Rogers was inducted into the Villanova Varsity Club Hall of Fame in 1979.

Coaching career

Waldron Academy 
Rogers served as athletic director and head football coach at Waldron Academy from 1950 to 1952.

Villanova University

Freshman Coach (1952-1955) 
Rogers was the freshman coach from 1952 to 1955. In addition to coaching, Rogers was largely responsible for all scouting duties associated with the team. He had tremendous success with Villanova's freshman eleven.

Varsity Backfield Coach (1955-1959) 
In August 1955, Rogers was promoted to varsity backfield coach after the job was vacated by Bob Snyder, who had accepted an assistant coaching position with the Pittsburgh Steelers.

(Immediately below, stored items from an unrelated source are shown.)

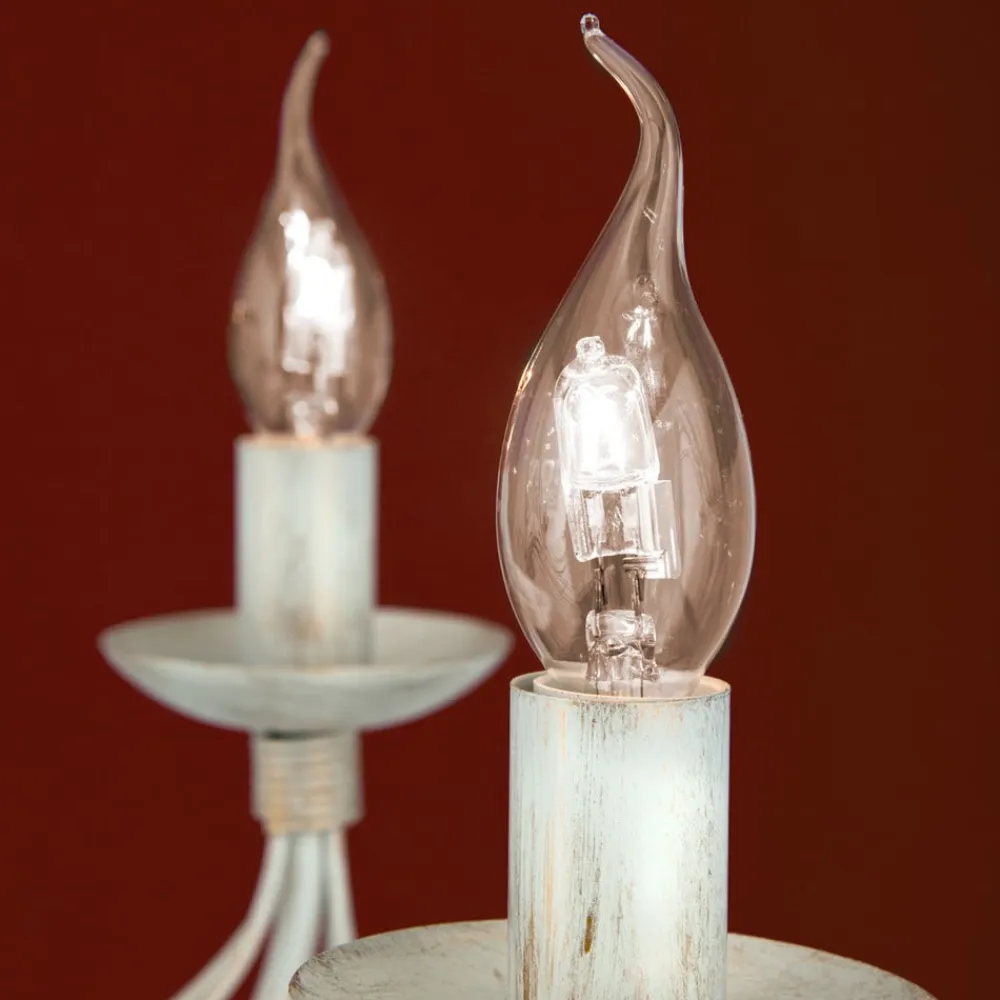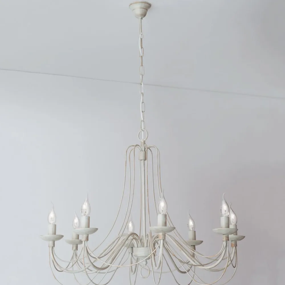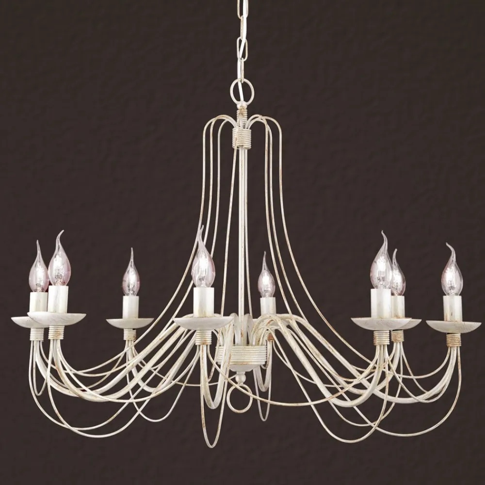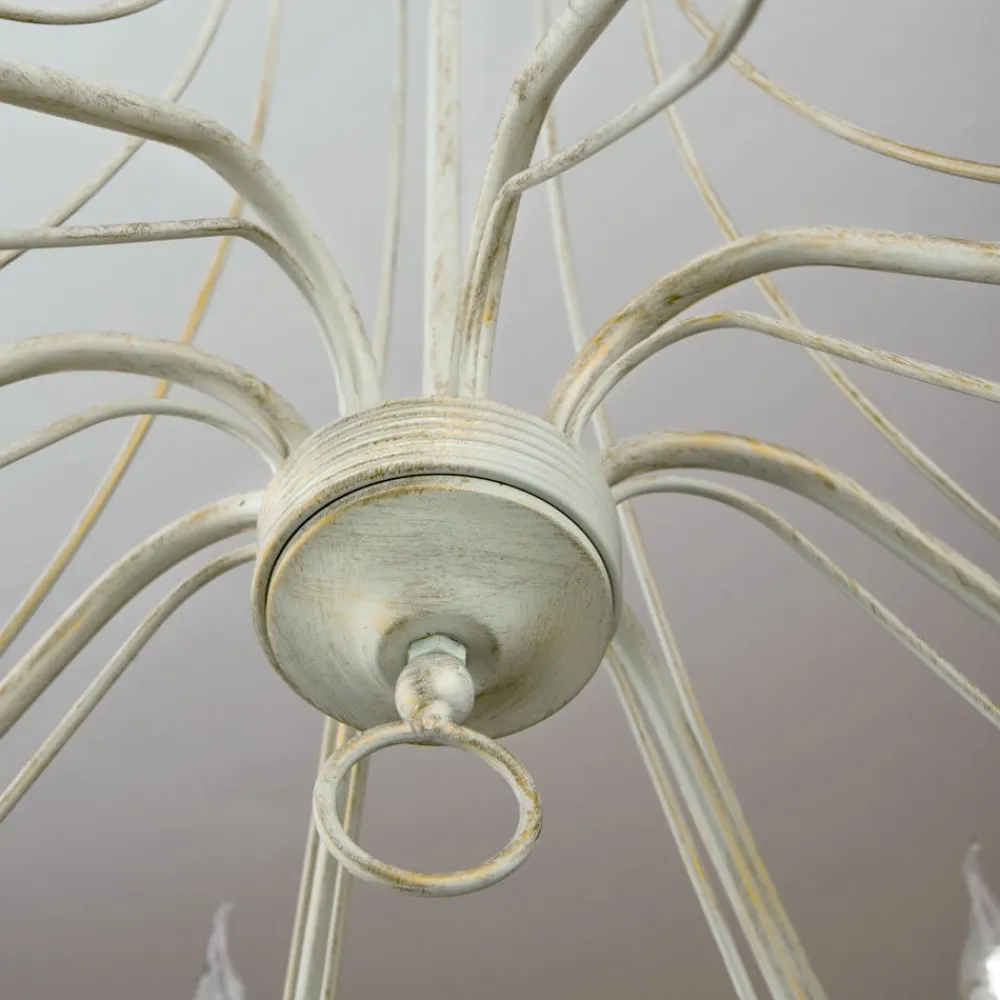Med bløde former fascinerer metalstellet med sine mange dele på lysekronen med 8 lyskilder Antonina, som grundet farvevalget – en sært elfenbenstone – virker meget romantisk, hvilket gør denne lyskilde særdeles velegnet fx. i landhusstilen. Otte kertepærer (E14-fatning) tilfører rummet en festlig glans med deres behagelige lys. Lysekronen Antonina er udstyret med et rustikt kædeophæng i samme farvetoner. Pærerne medfølger ikke ved levering, men skal bestilles separat under Tilbehør.
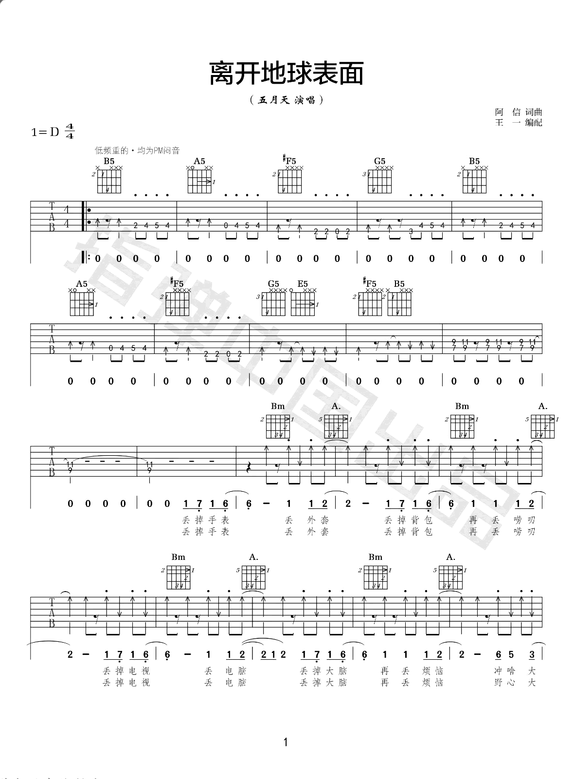 离开地球表面吉他谱 - 五月天 - D调吉他弹唱谱
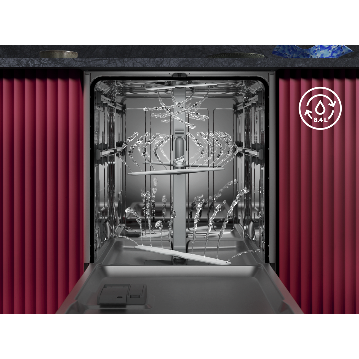 7000 XXL: 5cm taller inside yet fits a standard kitchen counter. Efficient, effective cleaning, with a re-engineered water system that uses as few as 8.4 litres of water. Spacious, adjustable baskets with foldable sections for easy loading.
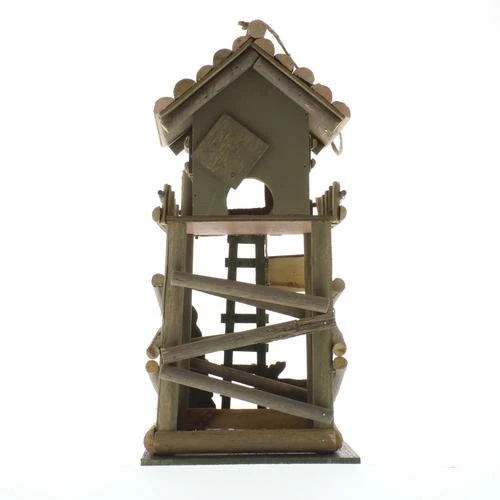Add a little rustic charm to the outdoors with this cute ranger station birdhouse. Birdhouse is decked out with pine trees, a tall ladder for climbing and a moose cutout. Clean out hole in back.
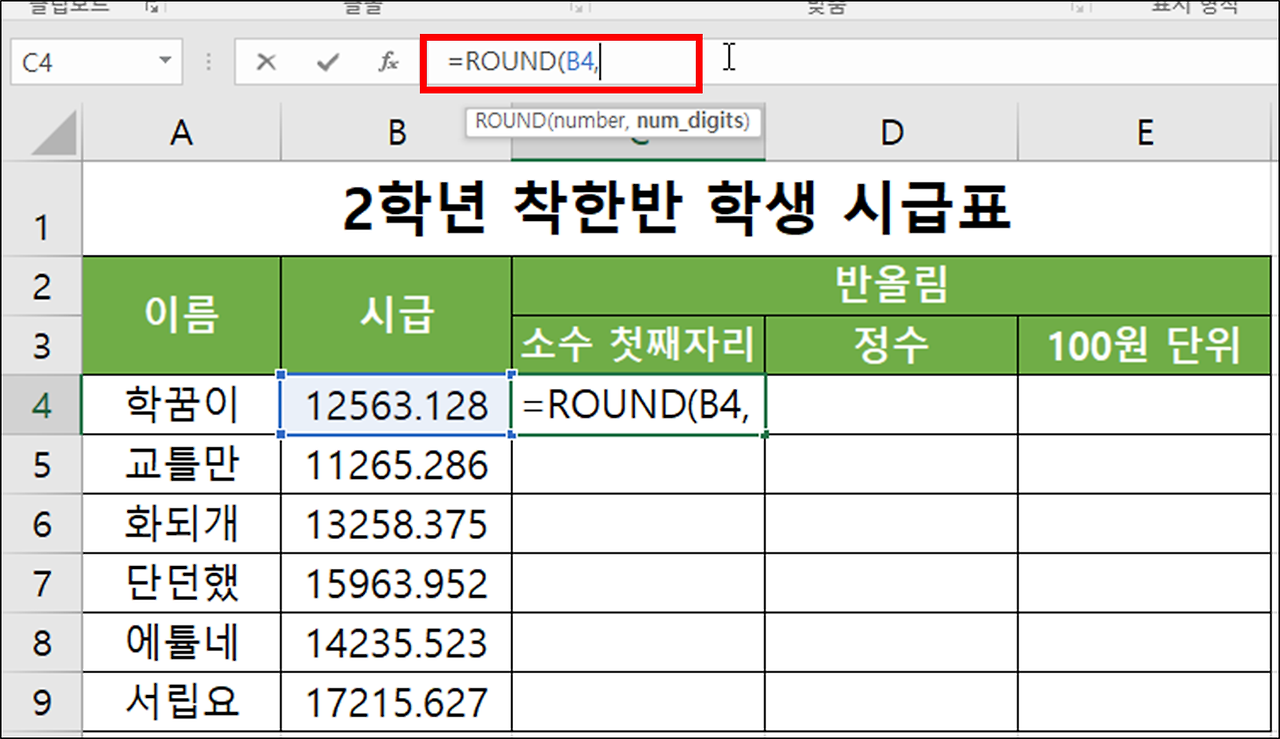 - 자릿수 : 몇 자리로 반올림할 것인지 지정해요. 양수면 소수점 오른쪽, 음수면 소수점 왼쪽을 의미해요.
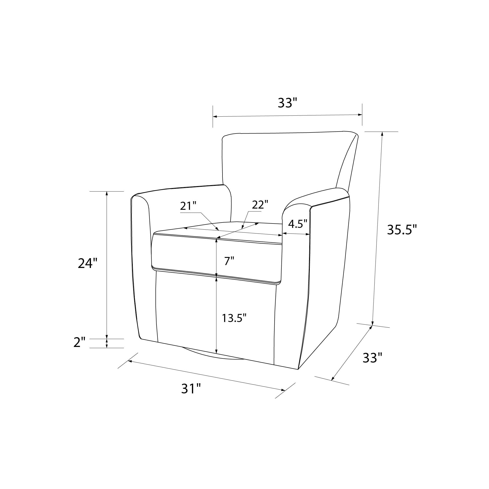 Contemporary Curves: Our swivel accent chair displays soft contours with a tastefully curved back, padded armrests, and piped trim edge, making it the perfect small accent chair for a living room, bedroom, and home office to boost your armchair style cred Super Comfortable Upholstery: Soft textured fabric material and a plush foam filled seat cushion provide a relaxing ergonomic seating experience, creating an upholstered swivel chair with arms that fits into a multitude of decors for modern chair comfort Versatile 360-Degree Swivel: The barrel chair swivels 360 degrees to let you easily shift from front to back and side to side, delivering a clean, compact, and cozy sitting solution that is great for small spaces and apartments without ever looking petite Low Maintenance: Equipped with a removable seat cushion and spot cleanable fabric for easy tidying, and made with a sturdy metal base, a wood frame body, and a steel spring suspension system for sag-free support, our leisure and lounge chair offers ease
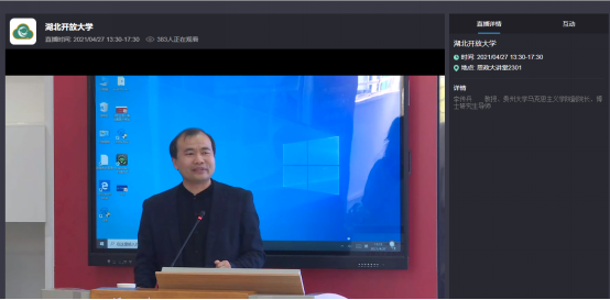 本网讯(通讯员 谢萍 文/图)4月27日,华体会正规平台通过视频连线召开党委中心组(扩大)党史学习教育专题学习会,邀请贵州大学马克思主义学院副院长、博士研究生导师李传兵教授作辅导报告。学习活动由校党委书记刘义主持,校长钟毓宁,校党委副书记唐洪钧,校纪委书记张文凯,副校长宋移安、胡雄、汤春来,校党委常委张化斌、李宜兵;校党委委员、校纪委委员、副处级以上领导干部、思政课教师、全体辅导员参加了学习。
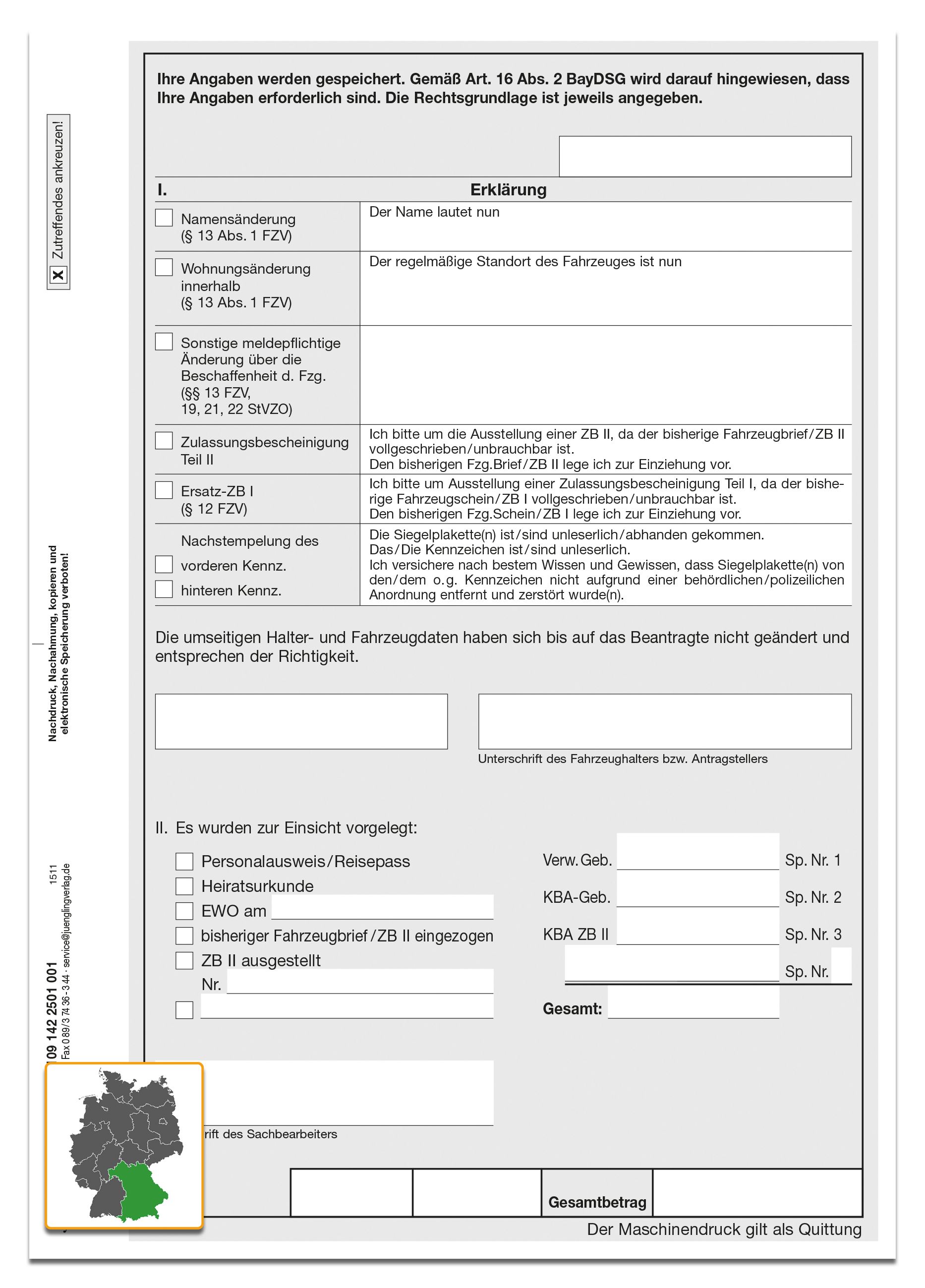 - Änderungserklärung mit Einverständniserklärung für Bayern im Format 148 x 210 (DIN A5)
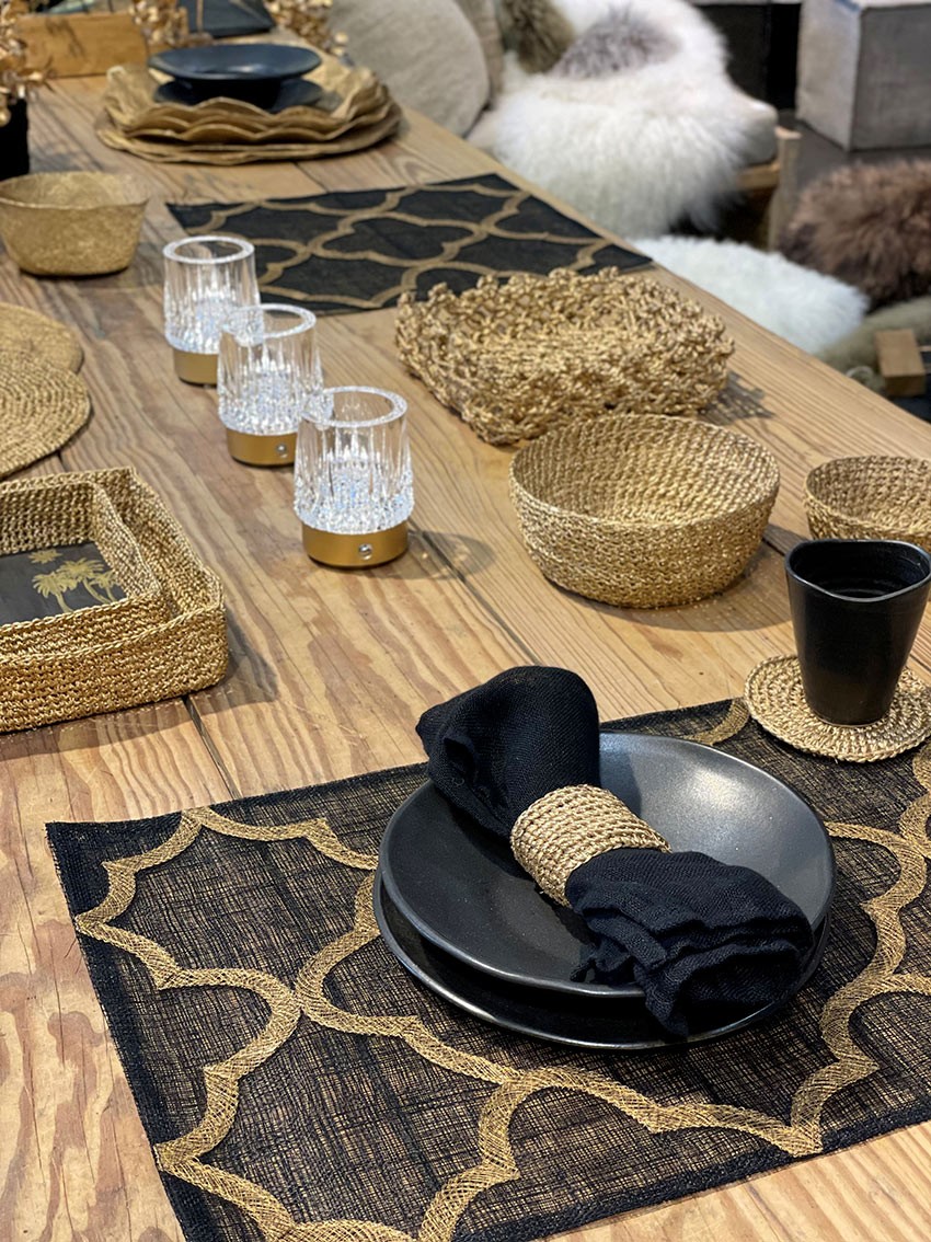 Set de table en abaca noir avec dÉcoration dorÉe 33 x 48 cm
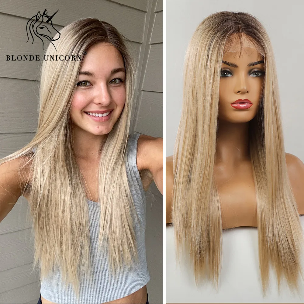 Блонд Единорог длинный Синтетический прямой Омбре светильник блонд Платина Кружева передние парики для женщин Косплей высокая плотность волос термостойкие
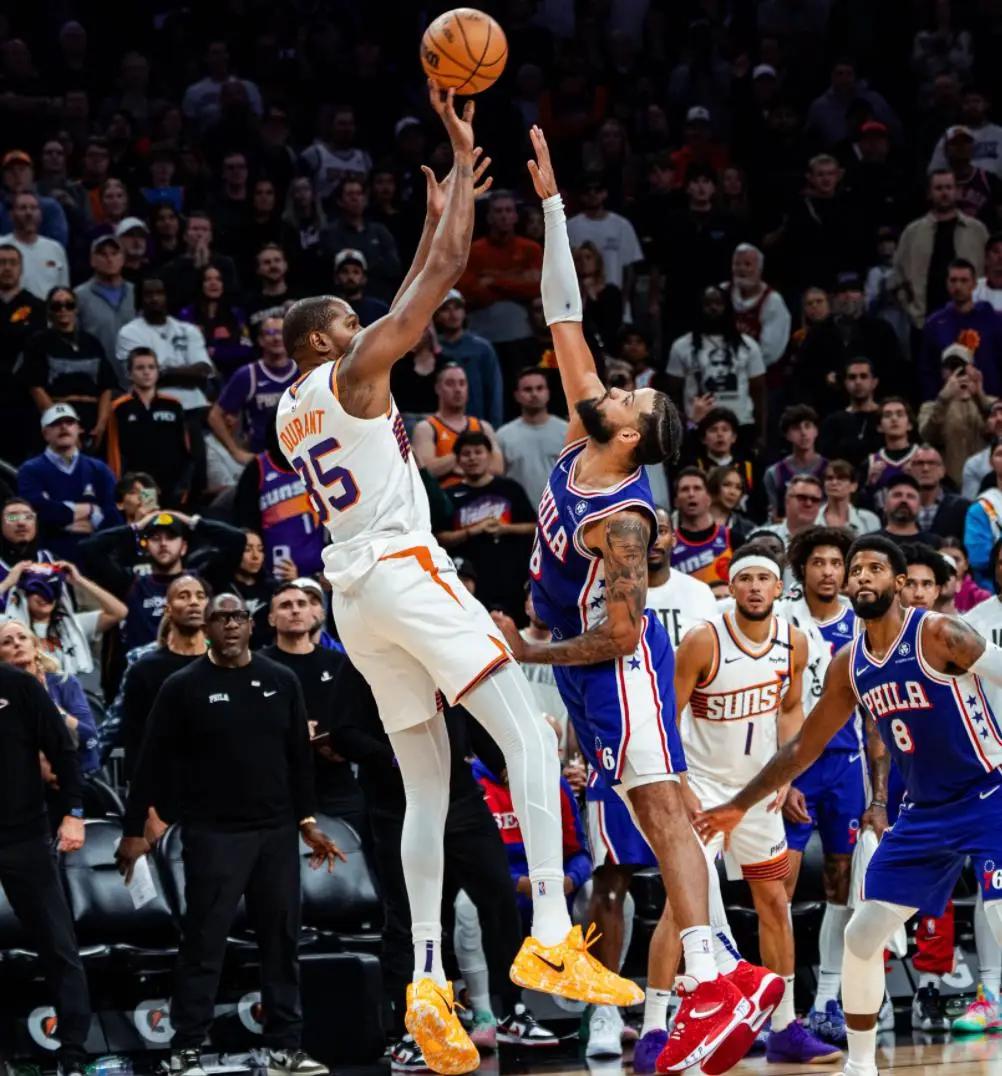 NBA常规赛继续进行,费城76人做客菲尼克斯太阳,本场比赛76人这边夏季最大牌引援保罗乔治复出,太阳这边全主力出战。此前他们已经取得了一波4连胜来到西部第二的位置,可谓状态火热。而76人这边由于恩比德和乔治的缺席,球队开赛以来难求一胜,仅仅打出了1胜4负的开局。
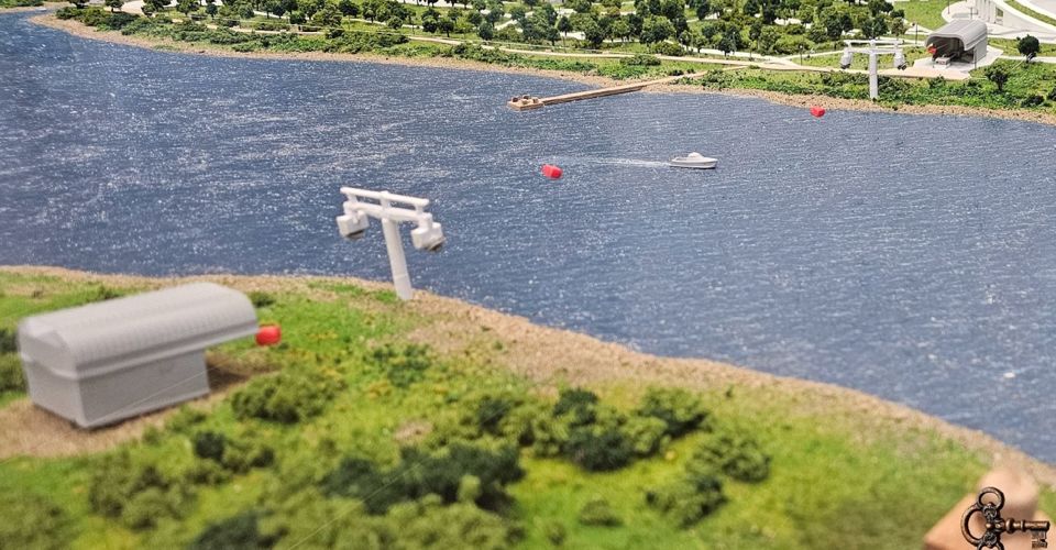 Приводную станцию с мотором строят на левом берегу Волхова у ИНТЦ. На правом берегу у Студенческой улицы будет натяжная обводная станция. Между станциями на фундаментах установят четыре линейные опоры разной высоты и конструкции. Кабинки будут висеть на высоте максимум около 30 метров от земли.

Interim Head Coach and Professional Scouting (1959-1960) 
In October 1959, Villanova head coach, Frank Reagan, stepped down and appointed Joe, his first assistant, to serve as interim head coach for the remainder of the season. That year, Rogers coached Villanova to its only victory of the season.

Joe was offered the permanent head coaching position in 1960, but turned down the offer. He also turned down several coaching offers, including one in Canada, to remain at Villanova as Coordinator of Alumni Programs. He also worked as a scout for the Green Bay Packers during this time.

Varsity Backfield Coach (1961-1966) 
Frank Reagan convinced Joe to come back to Villanova as Varsity Backfield Coach in 1961. He resigned in 1966 at the age of 41.

Professional 
In 1966, Rogers resigned from his Villanova position to accept a backfield coaching position for the Atlantic City Senators in the ACFL. He coached many household names here, including: Tom Urbanik, former Penn State fullback; Glynn Griffing, former reserve quarterback of the New York Giants, and Mark Lichtenfeld, formerly of Temple University.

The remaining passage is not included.